Tech steps into physical education
April 30th, 2007

Over a lot of years there have been policy folks in education for whom their reaction to teaching by technology has been a knee-jerk “no.” Recently, technology has been coming in the gym doors to do some physical education. There is an article today in the New York Times that describes how a video game called Dance Dance Revolution is bringing fun and fitness into school gyms:

In they rushed, past the Ping-Pong table, past the balance beams and the wrestling mats stacked unused. They sprinted past the ghosts of Gym Class Past toward two TV sets looming over square plastic mats on the floor. In less than a minute a dozen seventh graders were dancing in furiously kinetic union to the thumps of a techno song called ‘Speed Over Beethoven.’

Bill Hines, a physical education teacher at the school for 27 years, shook his head a little, smiled and said, ‘I’ll tell you one thing: they don’t run in here like that for basketball.’

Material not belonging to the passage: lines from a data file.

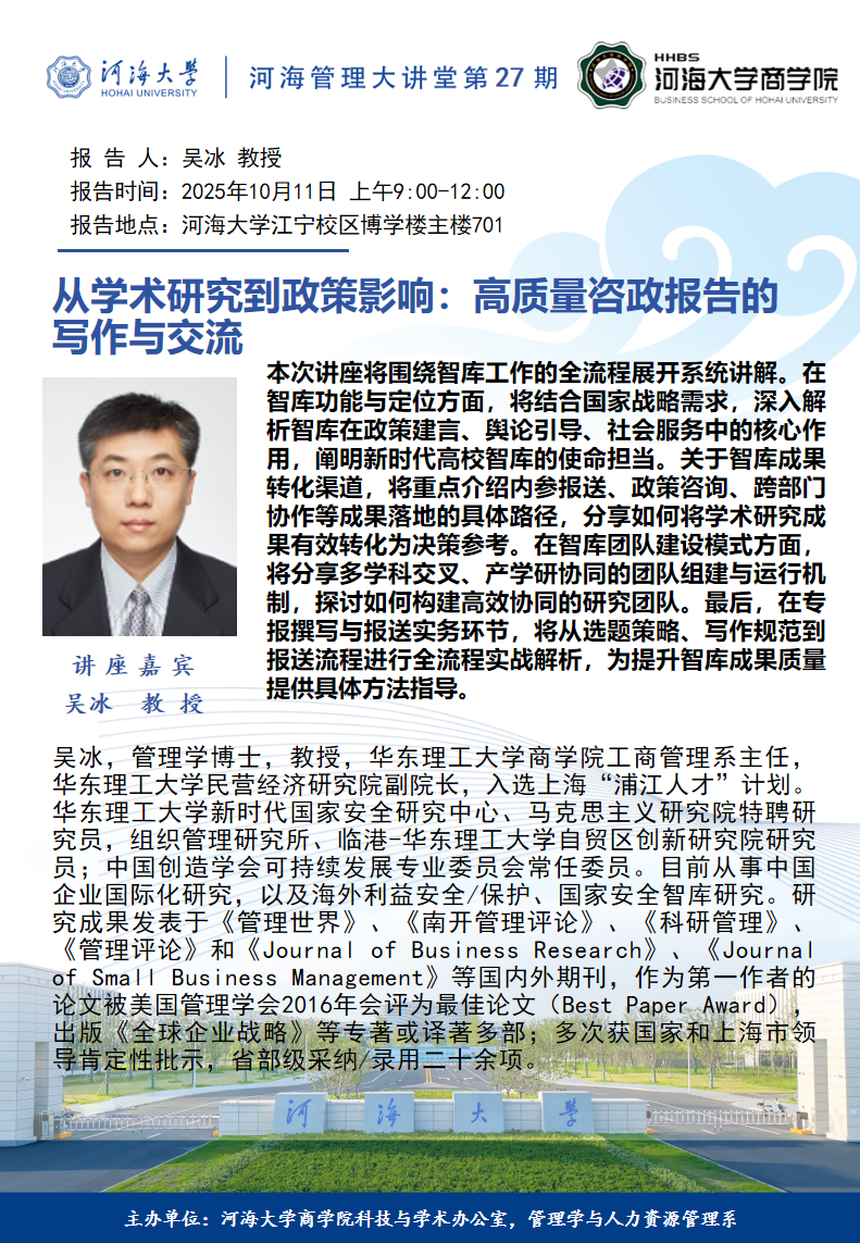 学术讲座通知:智库工作经验交流
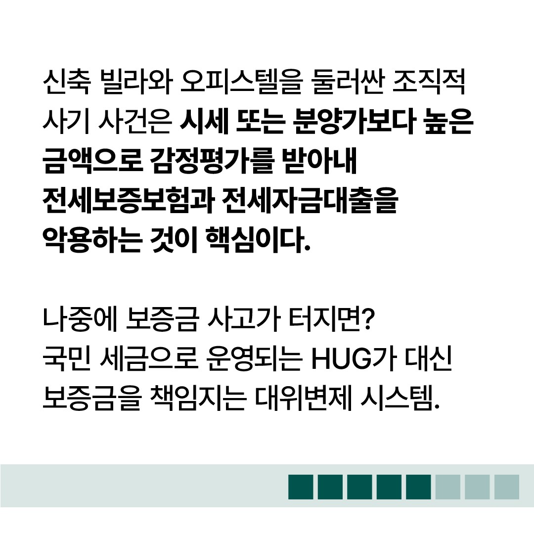 신축 빌라와 오피스텔을 둘러싼 조직적 사기 사건은 시세 또는 분양가보다 높은 금액으로 감정평가를 받아내 전세보증보험과 전세자금대출을 악용하는 것이 핵심이다. 전세금은 부풀려지지만, 세입자들 개개인의 입장에서도 쉽게 전세자금대출을 받아 전세금을 충당하고 보증보험에 가입하면 되니 당장은 문제가 없다. 나중에 보증금 사고가 터지면? 국민 세금으로 운영되는 HUG가 대위변제를 해야 한다. 그래서 전세사기는 대표적인 정책 실패에 의한 사회적 재난이고 구조적인 문제로 봐야 한다. HUG와 국토부가 이런 문제를 몰랐을 리 없다.
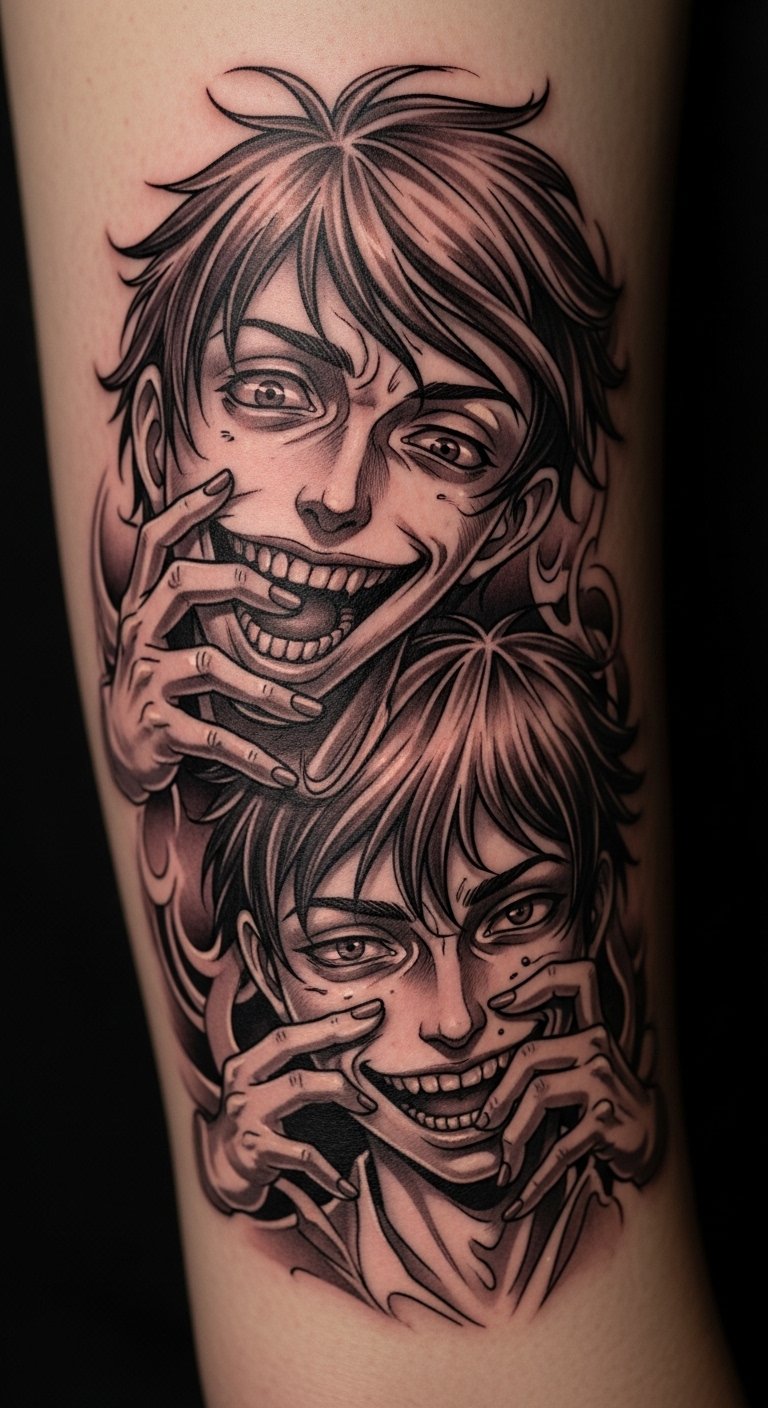 Anime worlds turned surreal. Inspired tattoos excite. Sketch anime figures. Free anime resources. Bold this: distort anime. One character at a time. Anime stickers for $3. Options at $70. Add your twists.

It is a scene being repeated across the country as schools deploy the blood-pumping video game Dance Dance Revolution as the latest weapon in the nation’s battle against the epidemic of childhood obesity. While traditional video games are often criticized for contributing to the expanding waistlines of the nation’s children, at least several hundred schools in at least 10 states are now using Dance Dance Revolution, or D.D.R., as a regular part of their physical education curriculum.